**Instructions for the task**
Should the entries contain pictures, leave them out and return exactly the lines from the first through the line holding "刘备久胜战神 干将莫邪乘龙·淬吴钩 孙".

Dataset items
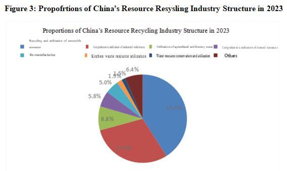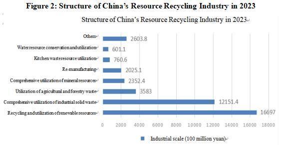 In 2023, the scale of China’s renewable resource recycling industry reached 1.6697 trillion yuan, accounting for 40.9%, making it the largest proportion in China’s resource recycling industry. The comprehensive utilization scale of industrial solid waste followed closely behind, with an industrial scale of 1.21514 trillion yuan, accounting for 29.8%.
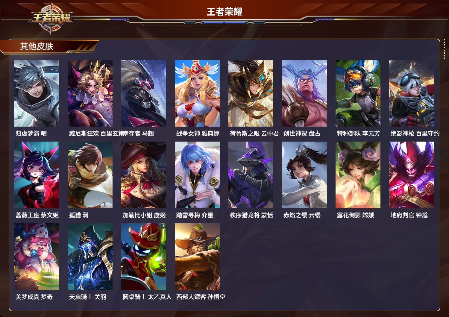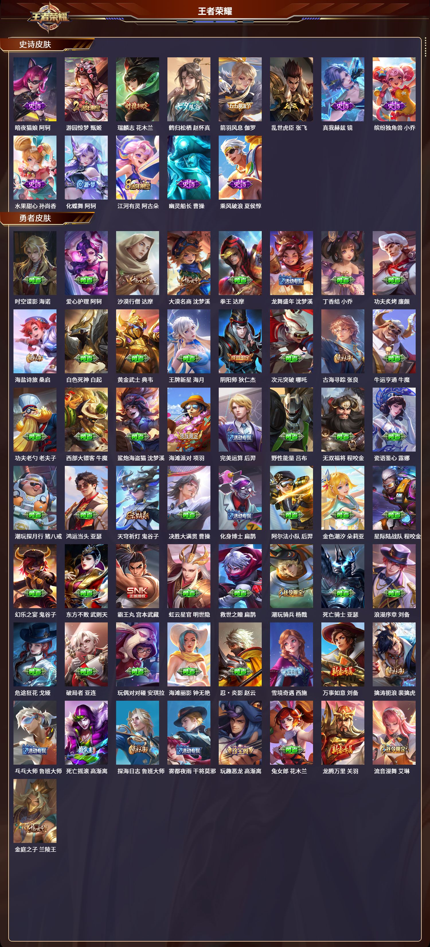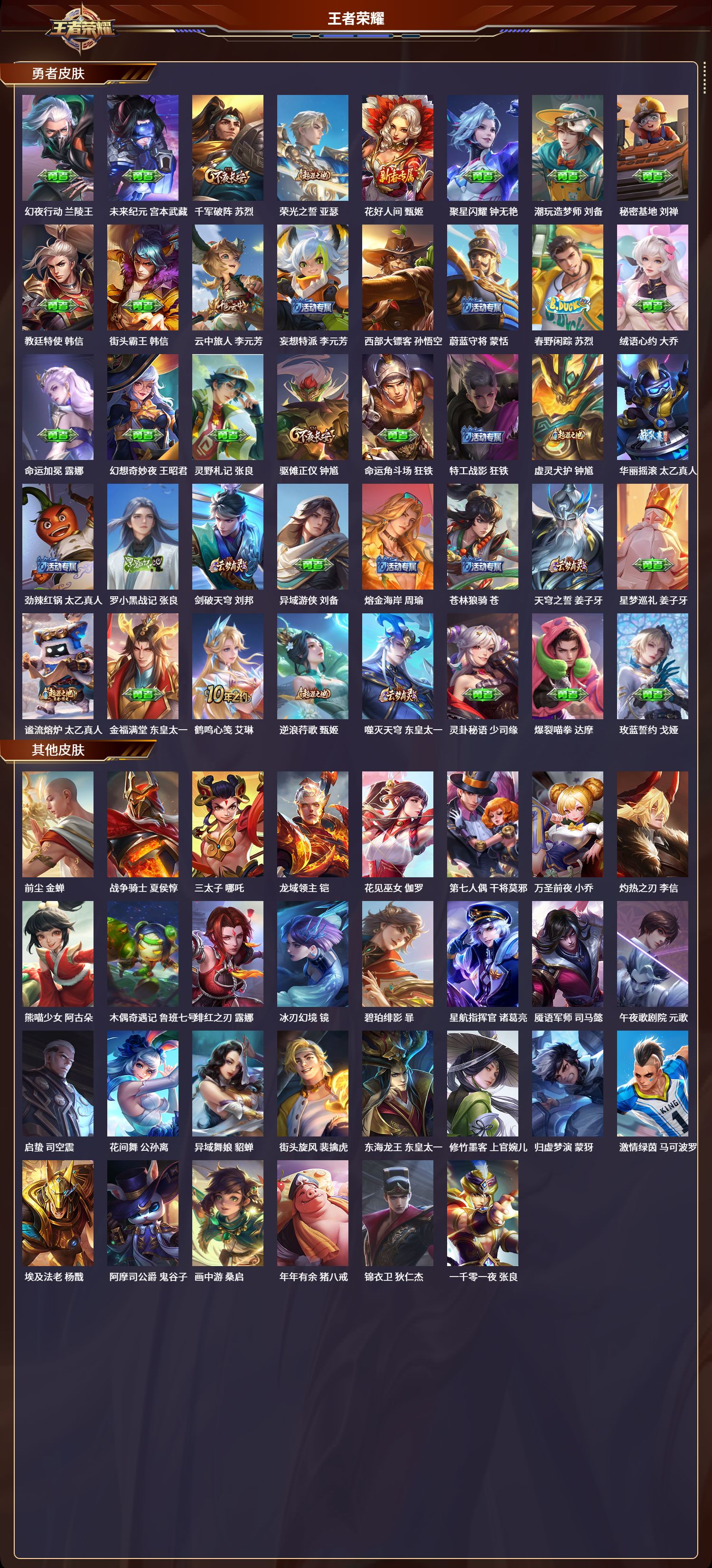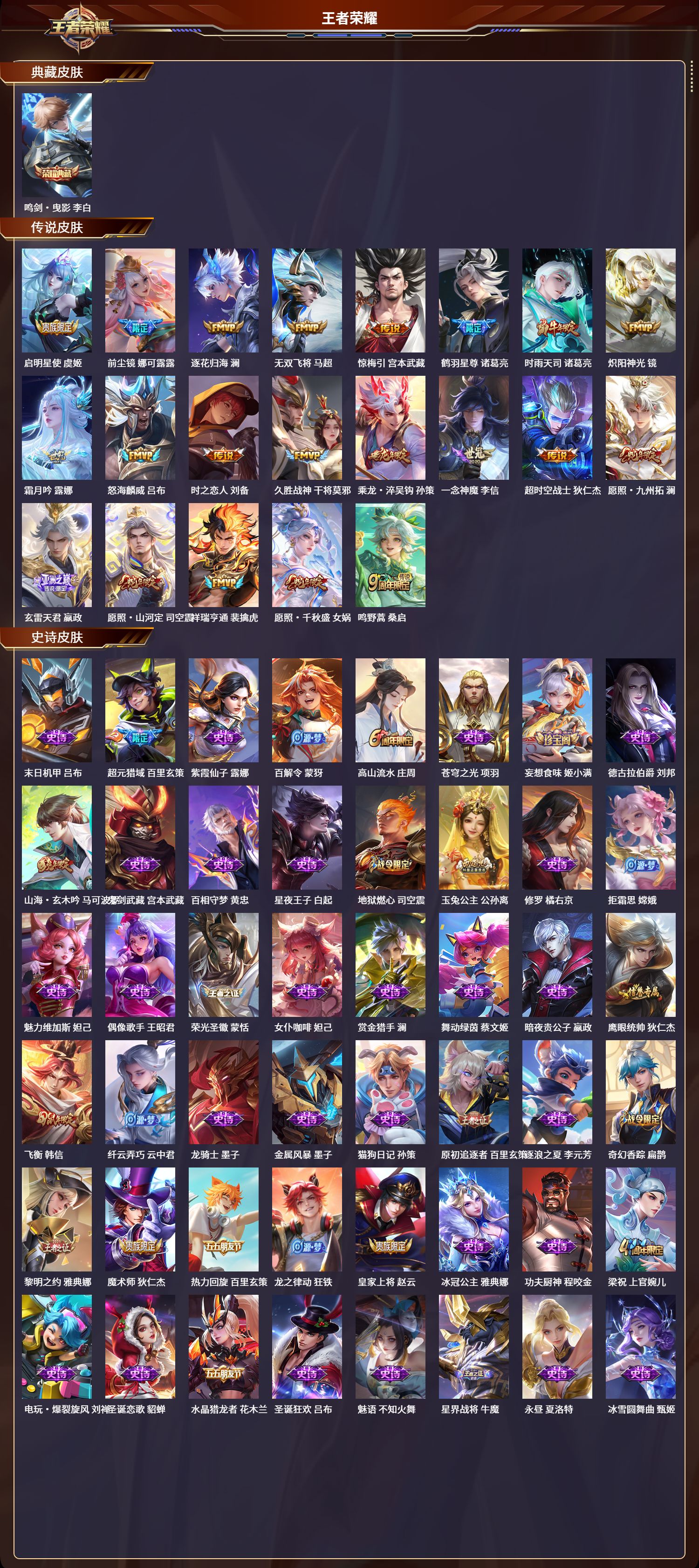 安卓微信/荣耀王者/229皮肤/126英雄/1典藏/0珍品无双/0无双/0珍品传说/21传说/61史诗/8稀有英雄【1 典藏皮肤】鸣剑·曳影 李白【21 传说皮肤】启明星使 虞姬前尘镜 娜可露露逐花归海 澜无双飞将 马超惊梅引 宫本武藏鹤羽星尊 诸葛亮时雨天司 诸葛亮炽阳神光 镜霜月吟 露娜怒海麟威 吕布时之恋人 刘备久胜战神 干将莫邪乘龙·淬吴钩 孙
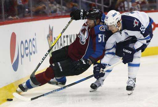 NOTES: Former Avalanche star and Hockey Hall of Famer Peter Forsberg was in attendance. ... Colorado RW Blake Comeau missed his third straight game with a groin injury. ... Winnipeg C Mathieu Perreault missed his fifth straight game with an upper-body injury. ... Avalanche RW Jarome Iginla played in his 1,487th career game to tie Wayne Gretzky for 18th all time.
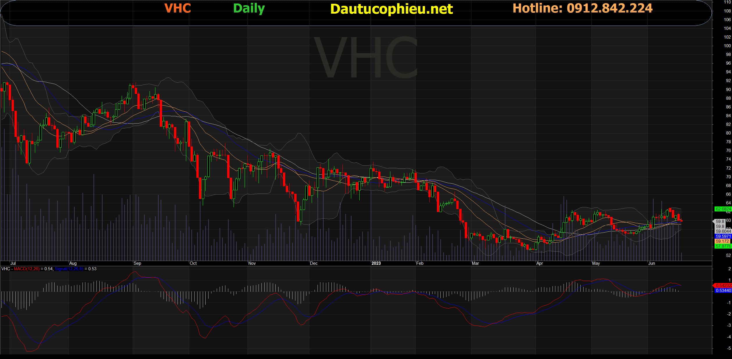 Đồ thị cổ phiếu VHC phiên giao dịch ngày 19/06/2023. Nguồn: AmiBroker
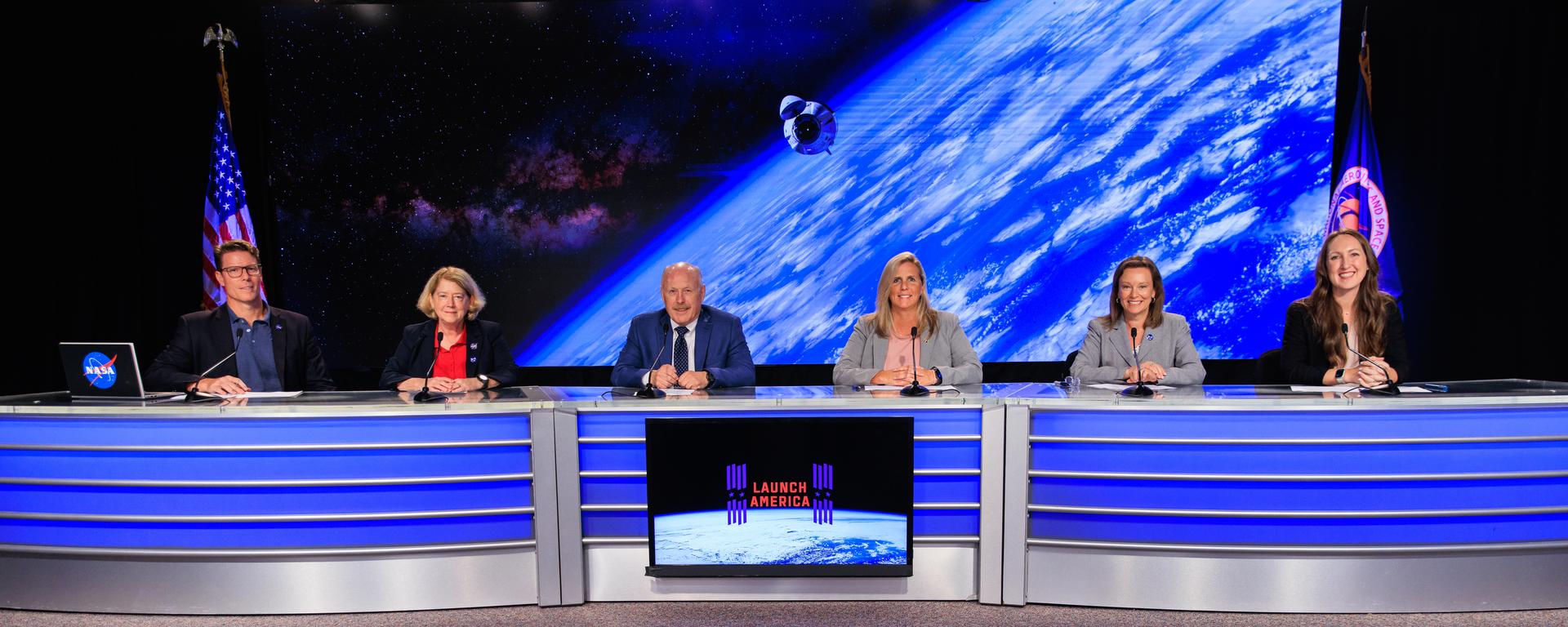 A postlaunch news conference is hosted at the agency’s Kennedy Space Center in Florida on Saturday, Sept. 28, 2024, following the launch of NASA’s SpaceX Crew-9 mission. Participants include Derrol Nail, NASA Communications; NASA Deputy Administrator Pam Melroy; Ken Bowersox, associate administrator, NASA’s Space Operations Mission Directorate; Dana Hutcherson, deputy manager, NASA’s Commercial Crew Program; Dina Contella, deputy manager, NASA’s International Space Station Program; Sarah Walker, director, Dragon Mission Management, SpaceX. NASA astronaut Nick Hague and Roscosmos cosmonaut Aleksandr Gorbunov launched to the International Space Station aboard SpaceX’s Dragon spacecraft and Falcon 9 rocket from nearby Space Launch Complex-40 at Cape Canaveral Space Force Station at 1:17 p.m. EDT on the ninth crew rotation mission with SpaceX to the space station as part of the agency’s Commercial Crew Program.

**Task response**
 In 2023, the scale of China’s renewable resource recycling industry reached 1.6697 trillion yuan, accounting for 40.9%, making it the largest proportion in China’s resource recycling industry. The comprehensive utilization scale of industrial solid waste followed closely behind, with an industrial scale of 1.21514 trillion yuan, accounting for 29.8%.
 安卓微信/荣耀王者/229皮肤/126英雄/1典藏/0珍品无双/0无双/0珍品传说/21传说/61史诗/8稀有英雄【1 典藏皮肤】鸣剑·曳影 李白【21 传说皮肤】启明星使 虞姬前尘镜 娜可露露逐花归海 澜无双飞将 马超惊梅引 宫本武藏鹤羽星尊 诸葛亮时雨天司 诸葛亮炽阳神光 镜霜月吟 露娜怒海麟威 吕布时之恋人 刘备久胜战神 干将莫邪乘龙·淬吴钩 孙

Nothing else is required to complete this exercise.